Therefore, the B content should be 0.0005-0.01%. It is preferable
that it is 0.001-0.005%.
N: less than 0.02%
The reduced N content is one of the important requisites of the
present invention. N has been positively added as an element for
carbonitride precipitation strengthening and as an element instead
of Ni, which is expensive. However, a higher content of N forms a
dissolved carbonitride with Ti and B and converts the steel
structure to a mixed grain, which then promotes a grain sliding
creep and a heterogeneous creep deformation at a high temperature
of 700.degree. C. or more. This impairs the strength of the steel.
Therefore, the N content should be kept as low as possible. Cr
accompanies N because of a strong affinity for N, and N inevitably
exists as an impurity. The N content should be less than 0.02%
because it does not form any undissolved carbonitrides. A preferred
N content is not more than 0.016%, and more preferably not more
than 0.01%. The lower the N content the better.
O (oxygen): not more than 0.005%
As well as N, the reduced O(oxygen) content is one of the important
requisites of the present invention. O forms an undissolved oxide
with Ti and Al and converts a steel structure to a mixed grain,
which promotes a grain sliding creep and a heterogeneous creep
deformation at a high temperature of 700.degree. C. or more, which
impairs the strength of the steel. Therefore, the O content should
be as low as possible. O exists inevitably as an impurity so the
content should be not more than 0.005% because it does not form any
undissolved oxides. A preferred O content is not more than 0.003%.
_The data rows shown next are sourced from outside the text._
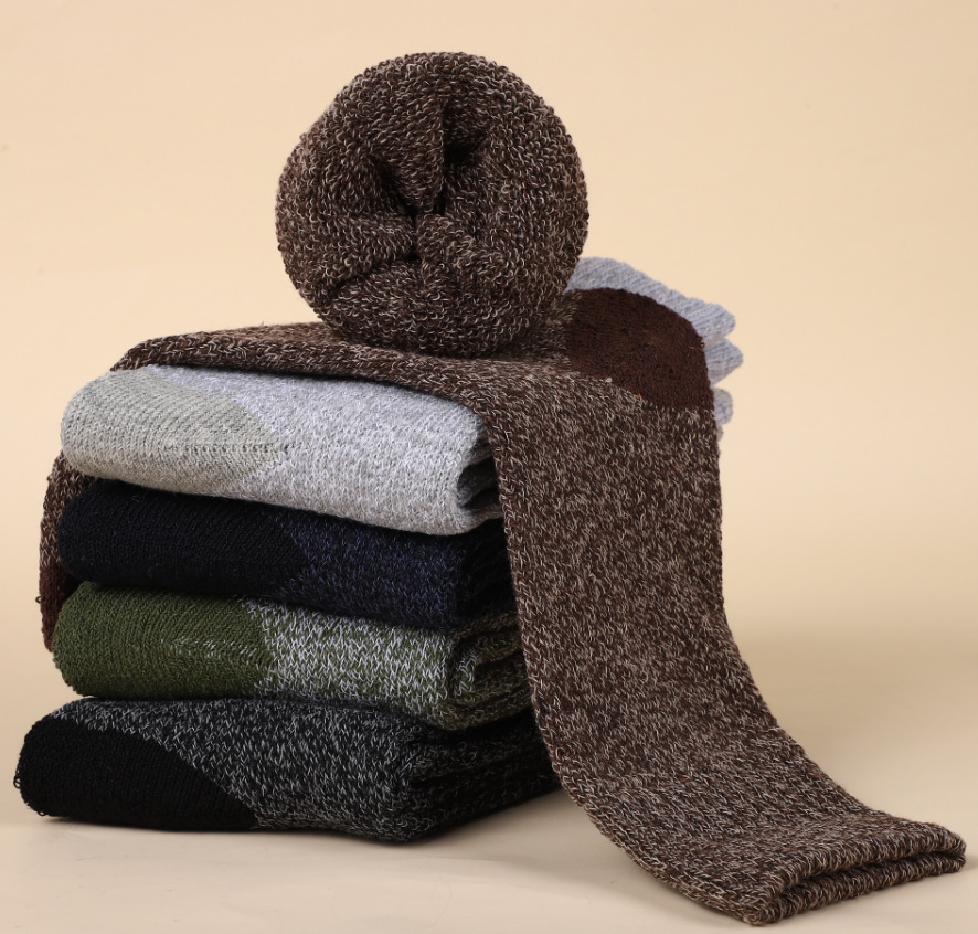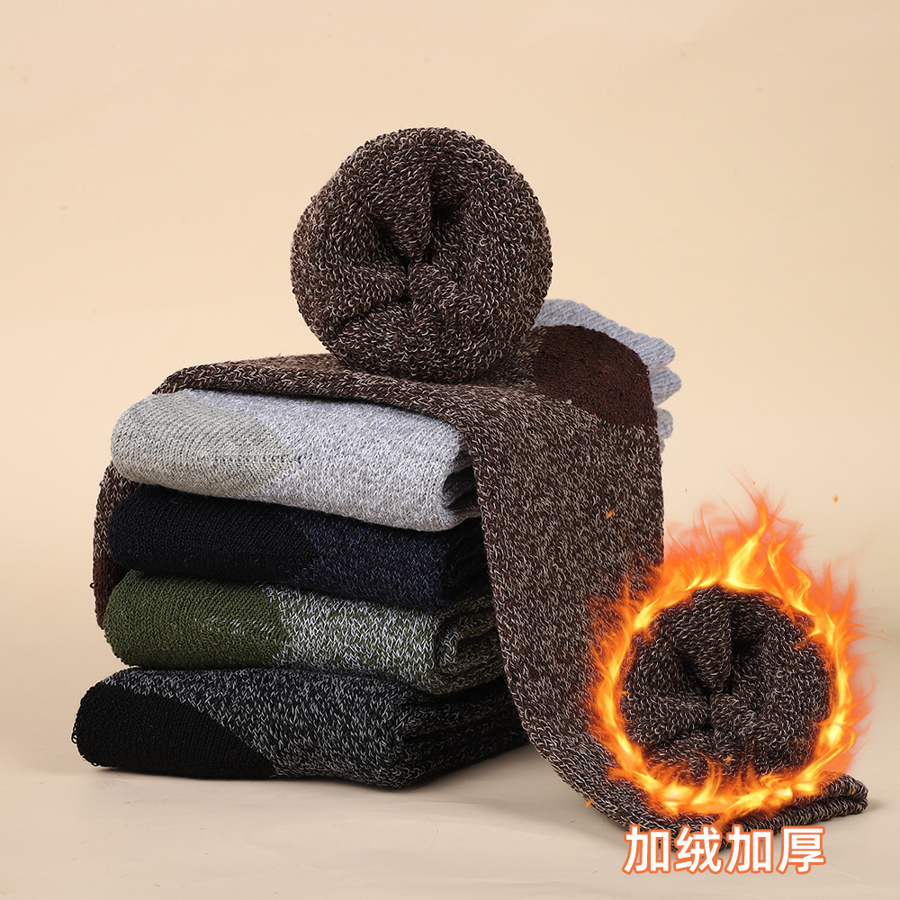 남성과 여성의 양말 겨울 기모 두꺼운 열 저장 따뜻한 수건 양말 중간 튜브 테리 양말 바닥 양말 야외 등반
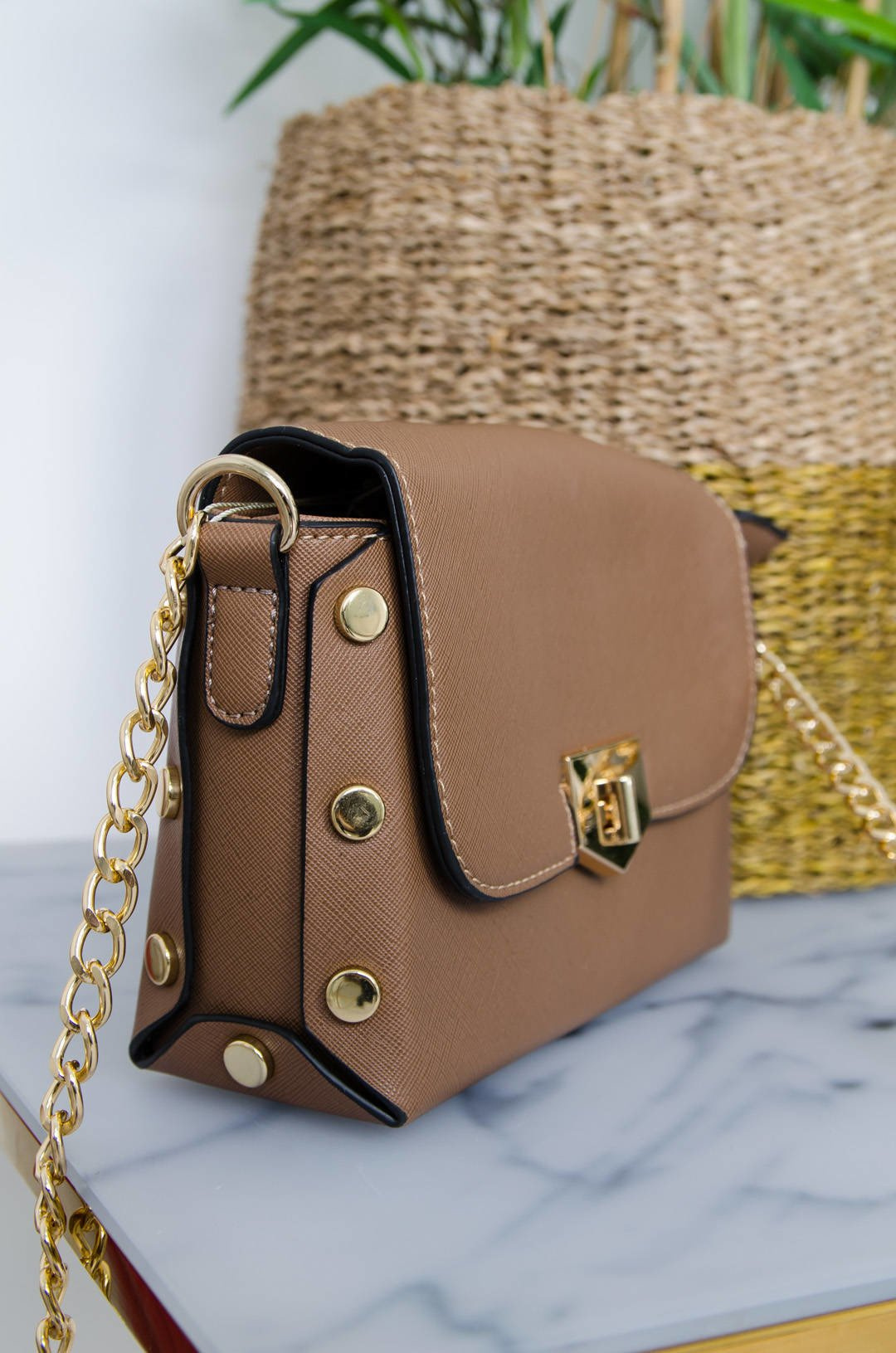 CIEMNO BEŻOWA TOREBKA LISTONOSZKA ZE ZŁOTYMI GUZIKAMI
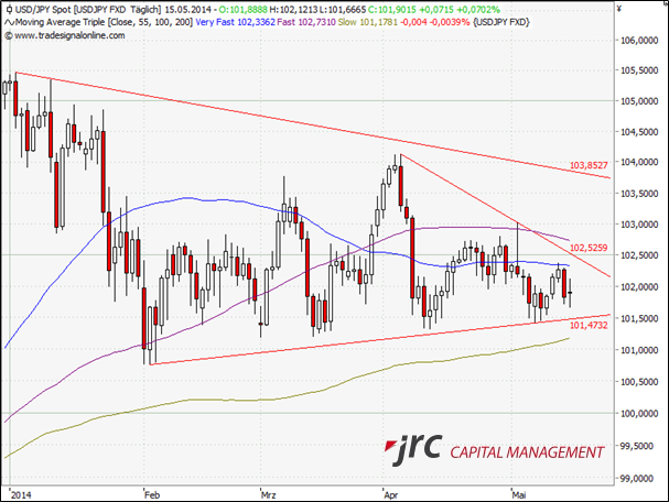 Fundamentaler AusblickDie überraschend guten BIP-Zahlen aus Japan hatten nur geringe Auswirkungen auf den USD/JPY-Kurs. Damit werden weitere QE-Maßnahmen seitens der Bank of Japan unwahrscheinlicher.Die KW 21 wird eher ruhig, was Konjunkturdaten aus Nordamerika und Japan betrifft. Hervorzuheben ist die Veröffentlichung des Fed-Sitzungsprotokolls vom April, welches tiefere Einblicke in die Geldpolitik liefert. Außerdem folgen im weiteren Wochenverlauf neue Daten vom US-Immobilienmarkt mit den Verkäufen vorhandener und neuer Immobilien.Technische AnalyseSeit Beginn des Jahres fehlt dem USD/JPY eine klare Richtung. Der Seitwärtskorridor verengt sich weiterhin.Hier geht es zum ChartAbwärtsbewegungen werden zunächst mit der Unterstützung des Februar-Aufwärtstrends bei 101,47 japanischen Yen pro US-Dollar konfrontiert. Bei 101,17 folgt die nächste Unterstützung in Form der 200-Tage-Linie. Danach könnte der Kurs einen neuen Jahrestiefststand bei 100,75 erreichen.Im Falle einer Dollar-Stärke gegenüber dem Yen bietet die 55-Tage-Linie bei 102,33 den ersten Widerstand. Die kurzfristige Abwärtstrendlinie bei 102,52 könnte einen weiteren Anstieg verhindern. Danach folgt die 100-Tage-Linie bei 102,73. Im Anschluss ergäbe sich Potenzial bis 103,85.Von Jannis Raftopoulos
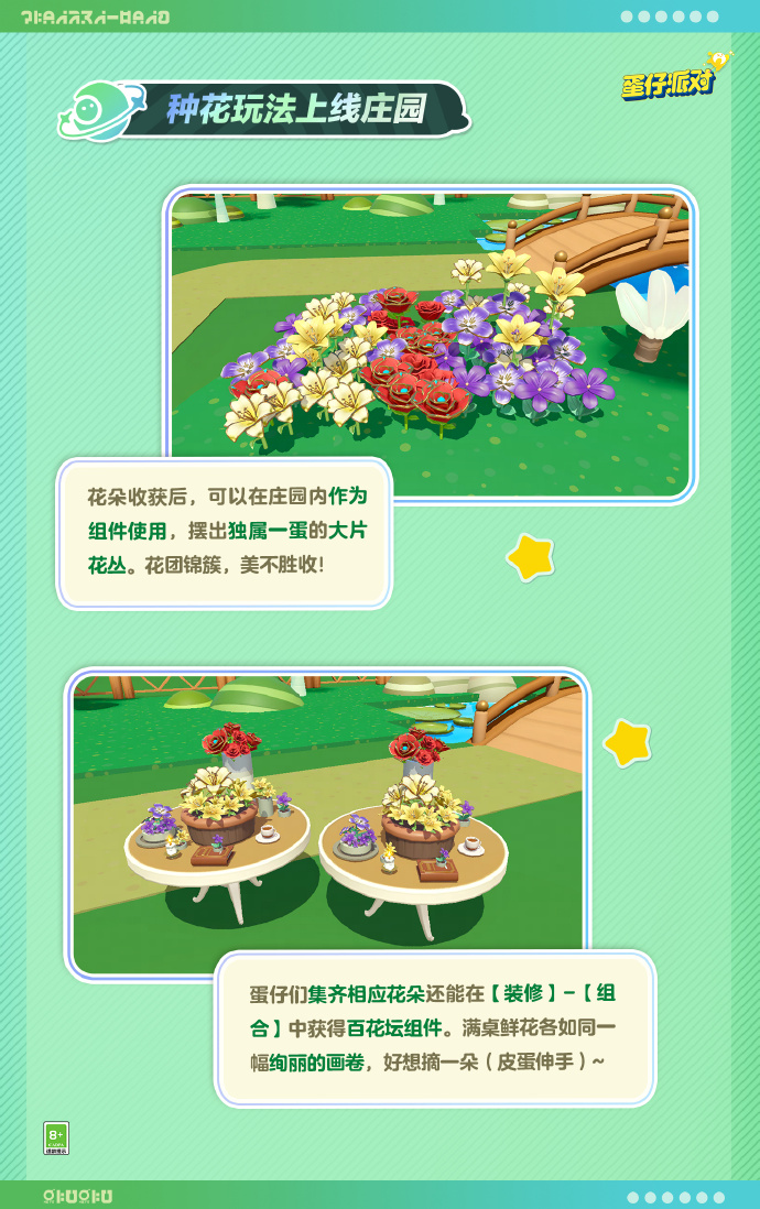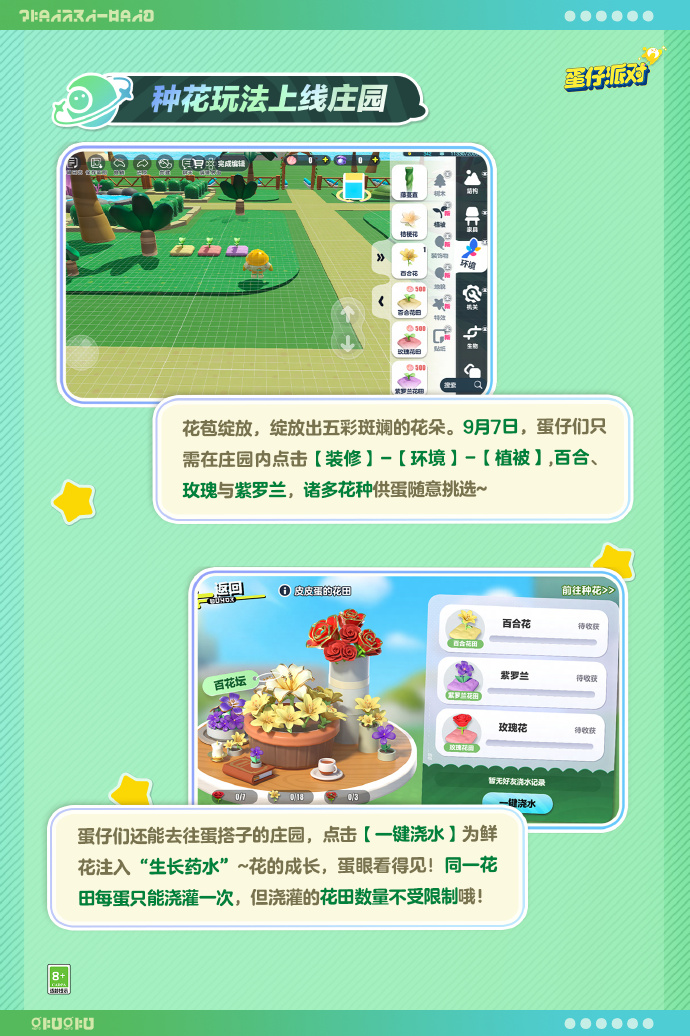 蛋仔们还可以去丹达子的庄园给花朵注射“生长药水”。每个鸡蛋只能给同一个花田浇水一次,但浇水的花田数量不限!
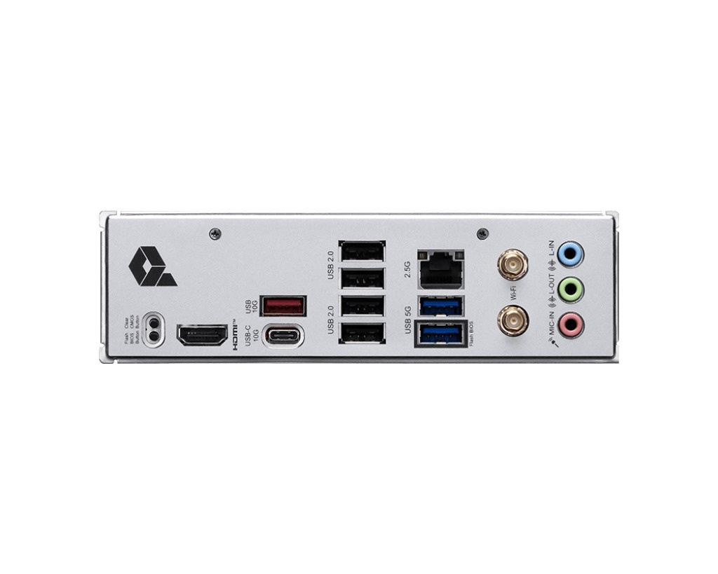 Porty na zadním panelu: * 1x USB 3.2 Gen 2 10Gb/s (typ C) * 1x USB 3.2 Gen 2 10Gb/s (typ A) * 2x USB 3.2 Gen 1 5Gb/s (typ A) * 4x USB 2.0 * 1x HDMI™ * 1x RJ-45 2,5G LAN * 1x Wi-Fi/Bluetooth * 3x audio konektor * tlačítko Flash BIOS * tlačítko Clear CMOS
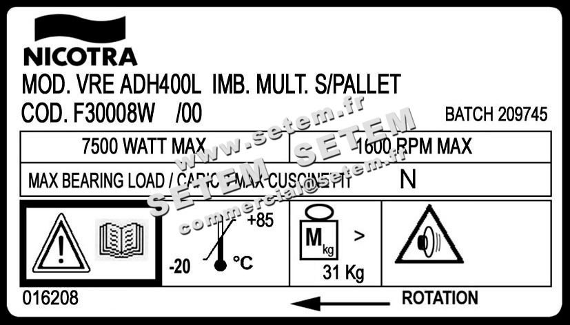 Vous recherchez un produit de marque NICOTRA GEBHARDT, de désignation VRE ADH400L et de code usine F30008W.
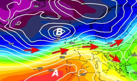 Quando i venti da ovest perdono forza e si entra in fase di NAO negativa, le perturbazioni entrano con maggiore veemenza verso le basse latitudini, anzi talvolta un’alta pressione sostituisce il ciclone d’Islanda e vortici depressionari importanti vagano nel Mediterraneo.

The lower O content is the better.
The balance in the austenitic stainless steel of the invention is
substantially composed of Fe, or strictly speaking, the balance is
Fe and impurities.
Another austenitic stainless steel consists of, in addition to the
chemical composition described above, at least one alloying element
selected from at least one group of the first to third groups in
the following:
First group (Zr):
Zr is effective in strengthening a grain boundary and improving a
high temperature strength. Therefore, it may be positively added
when such effect is desired. The Zr content of 0.0005% or higher is
effective, but Zr content exceeding 0.1% forms an undissolved oxide
or nitride as well as Ti, which not only promotes a grain sliding
creep and a heterogeneous creep deformation but also deteriorates
the steel quality, such as a creep strength and ductility at a high
temperature. Therefore, it is preferable that the Zr content is
0.0005-0.1%, or more preferably 0.001-0.06.
Second group (Ca and Mg):
These elements combine with S and form a stable sulphide, which
improves workability. Therefore, either or both of them may be
positively added if necessary. The Ca or Mg content of 0.0005% or
more is effective, but the Ca content exceeding 0.05% or the Mg
content exceeding 0.01% impairs the toughness and ductility of the
steel. Therefore, it is preferable that the Ca content is
0.0005-0.05% and the Mg content is 0.0005-0.01%; more preferable
the Ca content of 0.0005-0.01% and the Mg content of 0.001-0.005%,
respectively.
Third group (rare earth elements, Hf and Pd):
These elements all form a harmless and stable oxide or sulfide and
eliminate the unfavorable effect of O and S, thereby improving
corrosion resistance, a workability, a creep strength and a creep
ductility. Therefore, one or more of them may be positively added
when such effects are desired. The content of 0.0005% or more for
each of them is effective, but the content exceeding 0.2% increases
an inclusion such as oxide, which impairs not only the workability
and weldability but also results in additional expense. Therefore,
it is preferable that the content of each of them is 0.0005-0.2%;
more preferable 0.001-0.1%.
Furthermore other impurities besides P, S, Mo, N and O are Co and
Cu, which may come from scraps, for instance. Co will not exert any
particular adverse effect on the steel property and the heat
resistant pressurized parts of the invention. Therefore, the
content of Co as an impurity is not particularly restricted.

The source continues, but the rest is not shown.